= Beginning of Section =

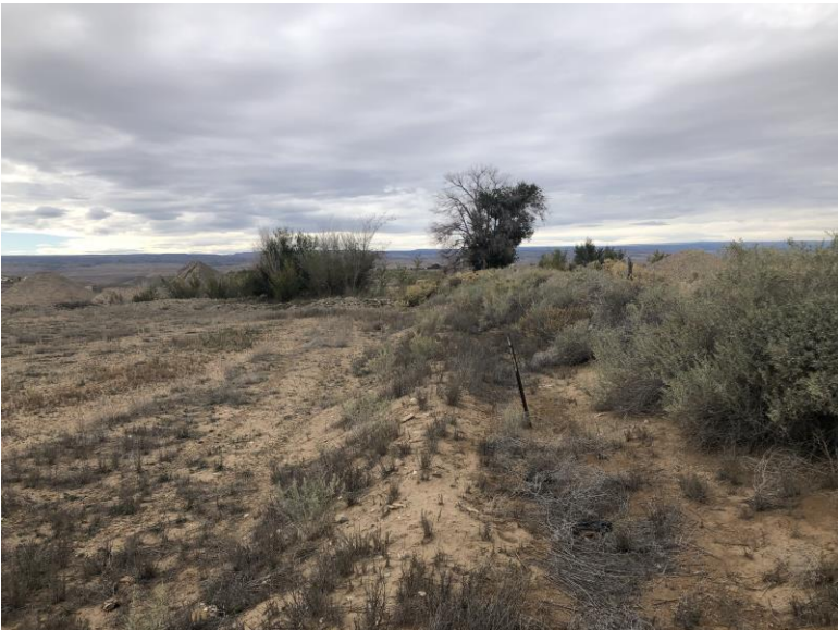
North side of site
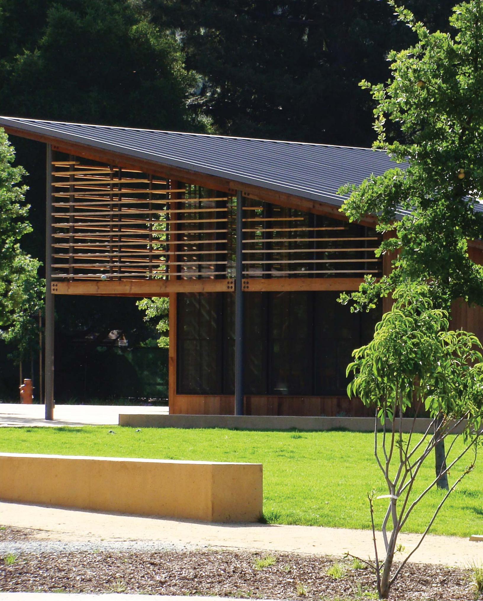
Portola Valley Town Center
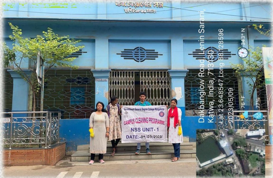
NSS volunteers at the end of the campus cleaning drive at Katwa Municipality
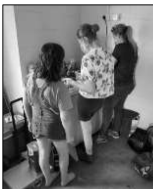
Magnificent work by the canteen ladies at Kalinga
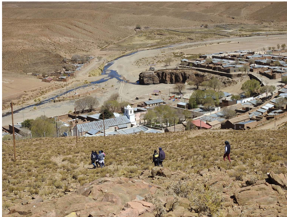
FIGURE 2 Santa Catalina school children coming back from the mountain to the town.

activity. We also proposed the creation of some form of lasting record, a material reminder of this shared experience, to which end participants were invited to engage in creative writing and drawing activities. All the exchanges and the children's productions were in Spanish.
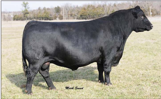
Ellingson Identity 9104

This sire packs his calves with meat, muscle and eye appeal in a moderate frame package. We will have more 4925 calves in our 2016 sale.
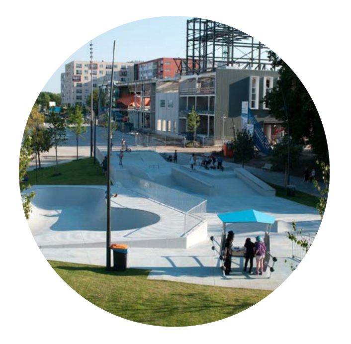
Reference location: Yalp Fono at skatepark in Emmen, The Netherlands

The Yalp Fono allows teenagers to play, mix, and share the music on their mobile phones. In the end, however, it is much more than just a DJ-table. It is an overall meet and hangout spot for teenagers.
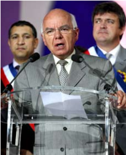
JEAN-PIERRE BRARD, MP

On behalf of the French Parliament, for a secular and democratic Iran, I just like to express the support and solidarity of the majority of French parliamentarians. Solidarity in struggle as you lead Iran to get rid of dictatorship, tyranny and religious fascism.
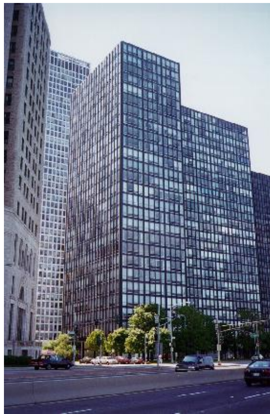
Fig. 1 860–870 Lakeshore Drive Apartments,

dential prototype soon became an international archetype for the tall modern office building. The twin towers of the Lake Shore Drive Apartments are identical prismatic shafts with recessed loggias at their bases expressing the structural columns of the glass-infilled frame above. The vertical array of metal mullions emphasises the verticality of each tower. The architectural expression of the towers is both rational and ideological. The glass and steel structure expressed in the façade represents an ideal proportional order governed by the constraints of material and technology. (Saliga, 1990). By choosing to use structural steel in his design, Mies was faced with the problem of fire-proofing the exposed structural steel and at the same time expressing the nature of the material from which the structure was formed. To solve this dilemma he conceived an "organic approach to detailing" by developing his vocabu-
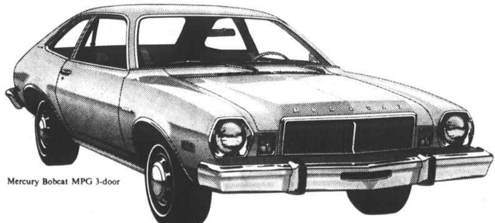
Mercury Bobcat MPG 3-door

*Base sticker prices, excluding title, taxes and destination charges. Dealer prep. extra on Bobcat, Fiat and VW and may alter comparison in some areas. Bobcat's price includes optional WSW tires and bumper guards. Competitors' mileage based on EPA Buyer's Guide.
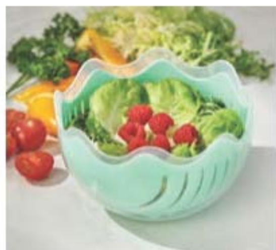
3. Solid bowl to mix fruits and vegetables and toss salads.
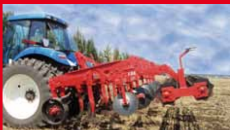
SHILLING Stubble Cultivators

= End of Section =

» **Work order**
Wherever the listing shows a picture, omit it and output the rest exactly as given.

» **Reply to the task**
North side of site
Portola Valley Town Center
NSS volunteers at the end of the campus cleaning drive at Katwa Municipality
Magnificent work by the canteen ladies at Kalinga
FIGURE 2 Santa Catalina school children coming back from the mountain to the town.

activity. We also proposed the creation of some form of lasting record, a material reminder of this shared experience, to which end participants were invited to engage in creative writing and drawing activities. All the exchanges and the children's productions were in Spanish.
Ellingson Identity 9104

This sire packs his calves with meat, muscle and eye appeal in a moderate frame package. We will have more 4925 calves in our 2016 sale.
Reference location: Yalp Fono at skatepark in Emmen, The Netherlands

The Yalp Fono allows teenagers to play, mix, and share the music on their mobile phones. In the end, however, it is much more than just a DJ-table. It is an overall meet and hangout spot for teenagers.
JEAN-PIERRE BRARD, MP

On behalf of the French Parliament, for a secular and democratic Iran, I just like to express the support and solidarity of the majority of French parliamentarians. Solidarity in struggle as you lead Iran to get rid of dictatorship, tyranny and religious fascism.
Fig. 1 860–870 Lakeshore Drive Apartments,

dential prototype soon became an international archetype for the tall modern office building. The twin towers of the Lake Shore Drive Apartments are identical prismatic shafts with recessed loggias at their bases expressing the structural columns of the glass-infilled frame above. The vertical array of metal mullions emphasises the verticality of each tower. The architectural expression of the towers is both rational and ideological. The glass and steel structure expressed in the façade represents an ideal proportional order governed by the constraints of material and technology. (Saliga, 1990). By choosing to use structural steel in his design, Mies was faced with the problem of fire-proofing the exposed structural steel and at the same time expressing the nature of the material from which the structure was formed. To solve this dilemma he conceived an "organic approach to detailing" by developing his vocabu-
Mercury Bobcat MPG 3-door

*Base sticker prices, excluding title, taxes and destination charges. Dealer prep. extra on Bobcat, Fiat and VW and may alter comparison in some areas. Bobcat's price includes optional WSW tires and bumper guards. Competitors' mileage based on EPA Buyer's Guide.
3. Solid bowl to mix fruits and vegetables and toss salads.
SHILLING Stubble Cultivators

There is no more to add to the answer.